══ Supplied entries

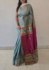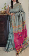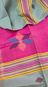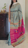 They are woven in Katan Silk, which is considered to be one of the finest handwoven silks produced in India. The hallmark of these sarees lies in their intricate motifs, such as paisleys, peacocks, and geometric patterns, coupled with vibrant, earthy color palettes. These sarees are woven primarily using high-quality cotton and silk. The weaving process involves meticulous handloom work, where precision is key to achieving the intricate designs. The use of natural dyes and labor-intensive weaving techniques ensures the sarees retain their authenticity and are eco-friendly. The borders and pallus are often adorned with fine zari work, adding a subtle touch of luxury.
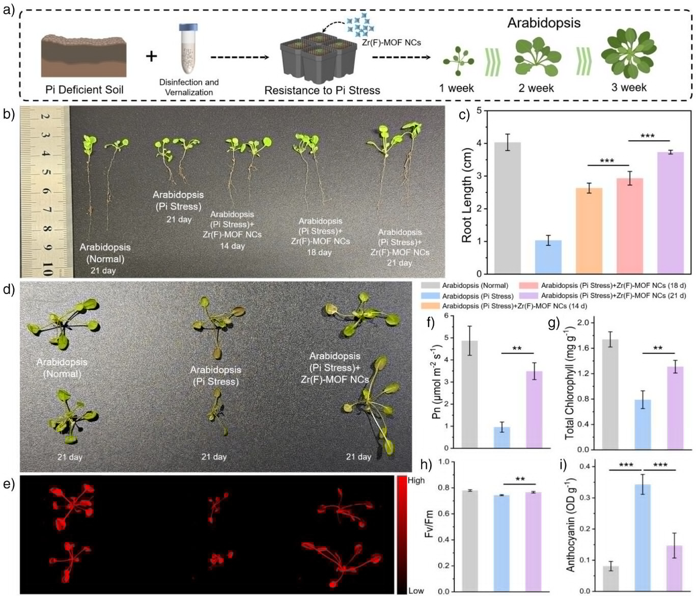 在拟南芥和绿豆模型中,Zr(F)-MOF显著缓解了低磷胁迫:
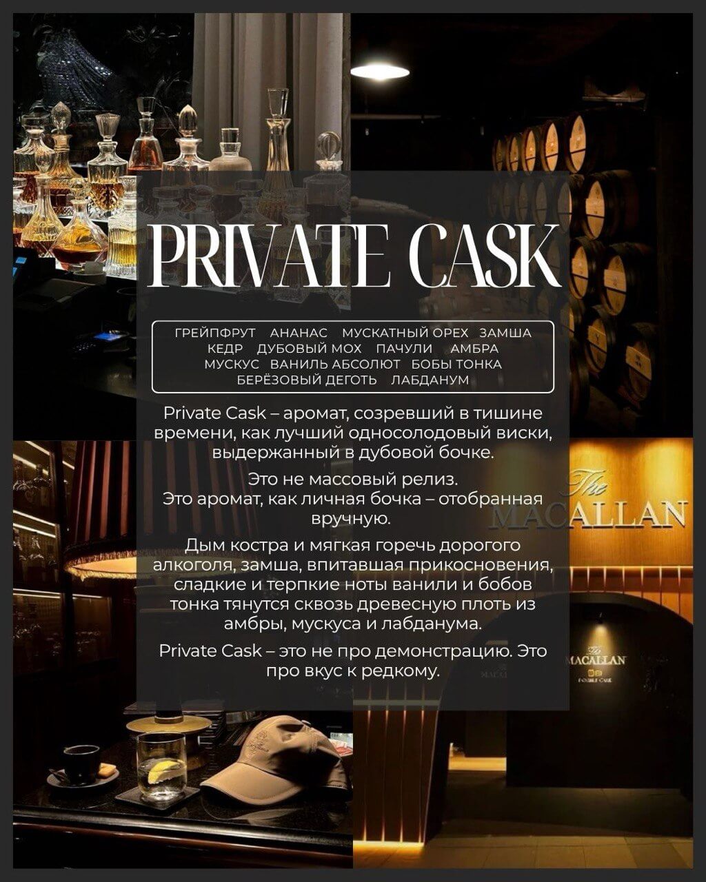 Private Cask — аромат, созревший в тишине времени, как лучший односолодовый виски, выдержанный в дубовой бочке.
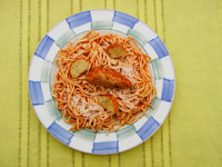Spaghetti con Cacio e Uova (Spaghetti with Cheese Rolls)
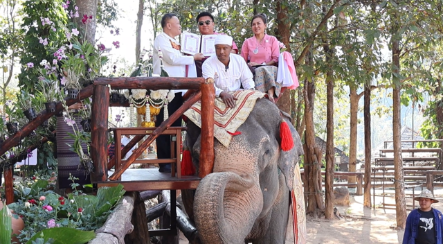 (14 ก.พ. 2569) เวลา 07.30 น. ที่ จ.ลำปาง บรรยากาศเป็นไปอย่างอบอุ่นและชื่นมื่น เริ่มต้นด้วยกิจกรรมทำบุญตักบาตรพระสงฆ์และพิธีผูกข้อมือเพื่อความเป็นสิริมงคลแก่คู่รัก ก่อนเข้าสู่ช่วงเวลาสำคัญของการจดทะเบียนสมรสบนหลังช้าง ซึ่งถือเป็นเอกลักษณ์หนึ่งเดียวของ จ.ลำปาง สะท้อนอัตลักษณ์เมืองแห่งช้างและเมืองรถม้าได้อย่างงดงาม
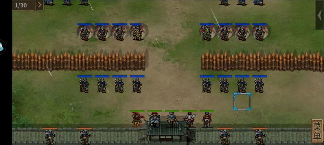 本关一共30回合,一般20回合就够了,所以时间充足!开局我方不进营,敌人不会主动出击的,所以先加状态,加移动。我的选择是前2回合原地调整,没必要打小兵,打死也会复活,也没必要打到残血。徐庶第一回合寒门,郭嘉五石散;第二回合徐庶举荐。
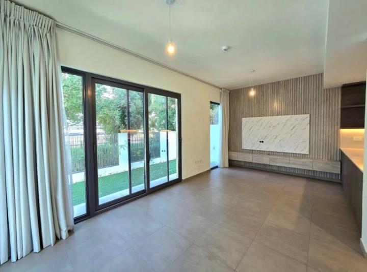 Some homes just have a certain feeling even before you get all the way inside. This four bedroom townhouse for rent in Elan at Tilal Al Ghaf really had me pause for a second and take a long breath. Maybe it is the way the light comes in from these big windows or just the open plan layout but you honestly feel like you have a bit more room to move and actually live comfortably not just exist in a space. You get this soft brightness as soon as you step in. I stood there for a minute looking out into the garden and it just felt more peaceful. Kind of private in a way that you just do not find much in Dubai these days. And it helps that this townhouse is a single row so you do not have anyone looking right into your windows which is a small thing but you start to really appreciate it. That outdoor spot could be your new weekend hangout and you can actually imagine kids running around on the grass or everyone coming together as the sun starts to dip and the barbecue smell drifts over.
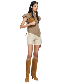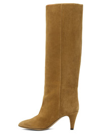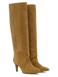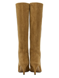 Knee-high calfskin suede boots in tan. · Pointed toe · Buffed calfskin lining · Covered stiletto heel with rubber injection · Leather sole · Heel: H3" Supplier color: Cognac Upper: calfskin. Sole: leather. Made in Italy 242600F115000
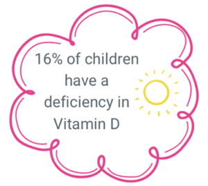 Calcium is needed to grow strong bones and aid muscle development and repair. This is why children require a higher amount of Vitamin D than adults. Deficiency in the sunshine vitamin can lead to weak bone formation and growth (like the condition rickets).
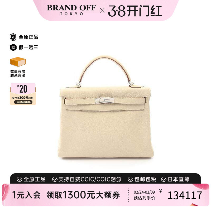 中古Hermes爱马仕女包A级95新Kelly32凯利32牛皮手提包浅褐色
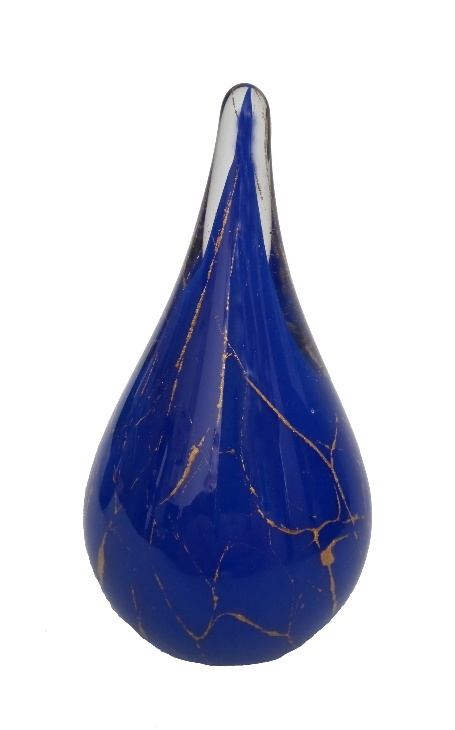 Deze urn is van glas, met de hand geblazen , dus uniek.
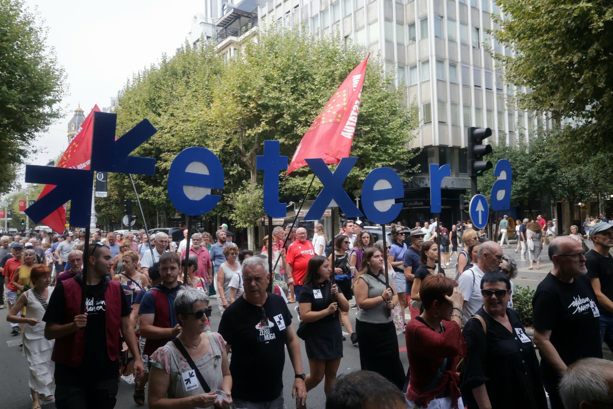 La protesta en San Sebastián ha partido a las 12.00 horas del área del Club Náutico encabezada por una pancarta con la leyenda «Etxera»
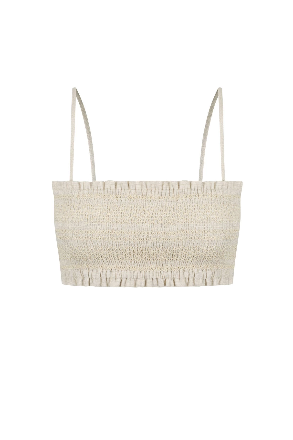 Shirred bralette in a natural linen blend fabric.
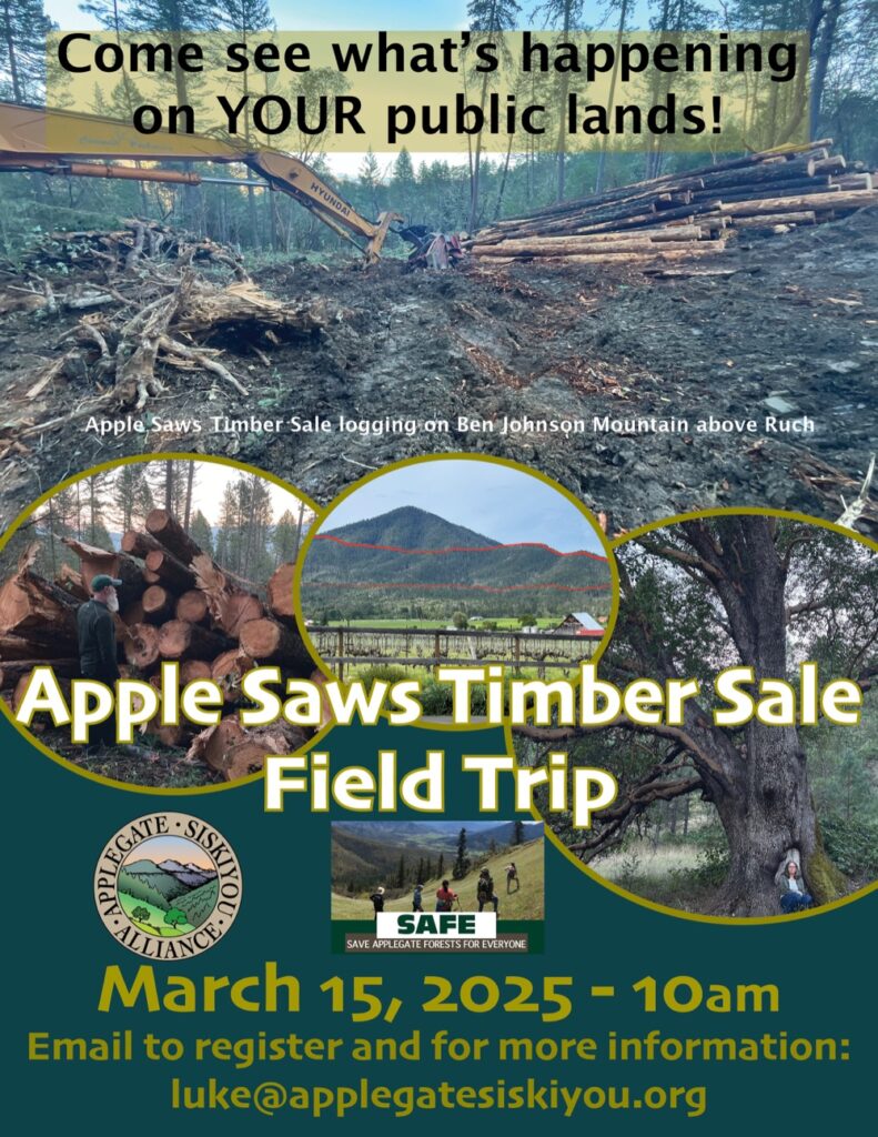 Luke Ruediger from Applegate Siskiyou Alliance will also give an update on the current BLM salvage logging happening in the Applegate, including the Apple Saws Timber Sale and Holcomb Hollow Timber sale, as well as the upcoming Douglas-fir Mortality Complex and Cedar Flat Projects.
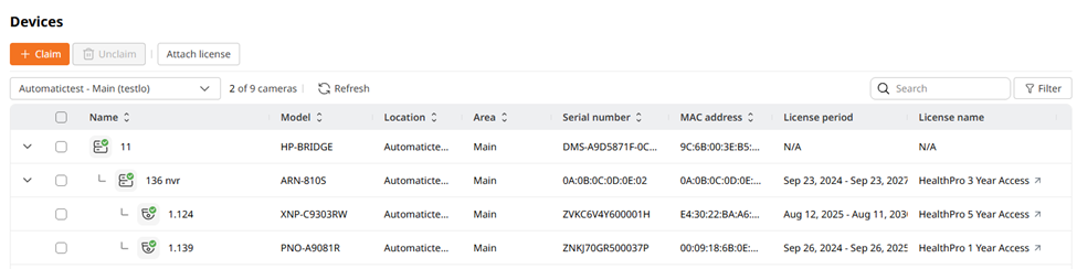 The NVR and its cameras are now in Cloud Portal and need to be claimed and licensed in HealthPro.

════

-- What you will do --
While skipping the pictures, transcribe the data above from the line showing "(14 ก.พ. 2569)" through the line showing "本关一共30回合,一般20回", exactly and with both ends.

-- Exercise solution --
 (14 ก.พ. 2569) เวลา 07.30 น. ที่ จ.ลำปาง บรรยากาศเป็นไปอย่างอบอุ่นและชื่นมื่น เริ่มต้นด้วยกิจกรรมทำบุญตักบาตรพระสงฆ์และพิธีผูกข้อมือเพื่อความเป็นสิริมงคลแก่คู่รัก ก่อนเข้าสู่ช่วงเวลาสำคัญของการจดทะเบียนสมรสบนหลังช้าง ซึ่งถือเป็นเอกลักษณ์หนึ่งเดียวของ จ.ลำปาง สะท้อนอัตลักษณ์เมืองแห่งช้างและเมืองรถม้าได้อย่างงดงาม
 本关一共30回合,一般20回合就够了,所以时间充足!开局我方不进营,敌人不会主动出击的,所以先加状态,加移动。我的选择是前2回合原地调整,没必要打小兵,打死也会复活,也没必要打到残血。徐庶第一回合寒门,郭嘉五石散;第二回合徐庶举荐。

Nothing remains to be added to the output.